Morpher

A morpher is basically an implementation of a portal that does not directly interact with an external data source but instead acts as a conversion or aggregation mechanism. Its purpose is to receive data from one or multiple portals and emit them in some other form for another portal.

Intention

Morphers are multi-purpose-utilities when it comes to moving data from one portal to another while modifying it on the fly. A simple example could be the following use-case:

Say you have an ecommerce portal that emits orders and customers. You also have a customer support portal that can receive support tickets. The goal is to convert orders and their respective customers into support tickets. You cannot configure a route from your ecommerce portal directly to your customer support portal, because they do not support the same data types and also you have to combine an order with a customer to have enough information for a support ticket.

Your morpher would have two receivers. One for orders and one for customers. Both of them store their received objects in the Key-Value-Storage. The order receiver will publish a support ticket object whenever it saves an order to the Key-Value-Storage.

The morpher also has an emitter supporting those support ticket objects. It will load an order from the Key-Value-Storage and (using the customer-id from said order object) it will then try to load a customer from the Key-Value-Storage. If a customer is found, all the necessary informations are present and can be converted to a new support ticket object which is then emitted. If the customer cannot be found, the order is re-published, so the emitter can try again later.

Usage

While the example above is the most common way to use a morpher, it is by far not the only way. A morpher is technically indistinguishable from an ordinary portal. It is its unique role as an intermediate portal that makes it a morpher.
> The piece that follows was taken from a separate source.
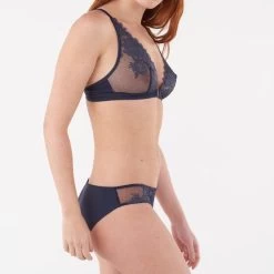 This beautiful front closing bra from Maison Lejaby features soft lace and sheer tule across the cup, with a fabulous racer back making it perfect to wear with your cutaway summer tops and dresses. Available in Horizon Blue and Burgundy.
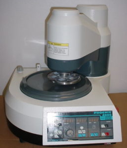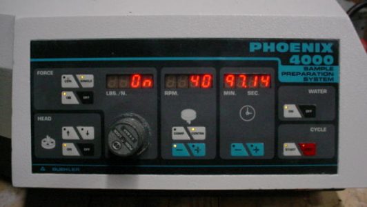 Buehler Phoenix 4000V 49-4101-260 12″ automatic polisher with single force, 1.25″ specimen holder. Accepts central force holders as well. 50 to 600 rpm 230/60/50/3 power input. With one 12″ aluminum platen

Because of that, there are numerous possibilities for what a morpher can do and it almost certainly comes down to an individual use-case.

Here are some examples for what a morpher could potentially do.

  • Convert one data type to another one.
  • Combine multiple objects into a single new one, even when the original objects are emitted at different times.
  • Measure the throughput between two portals by logging every transfer.
  • Throttling the throughput between two portals to comply with API rate limits.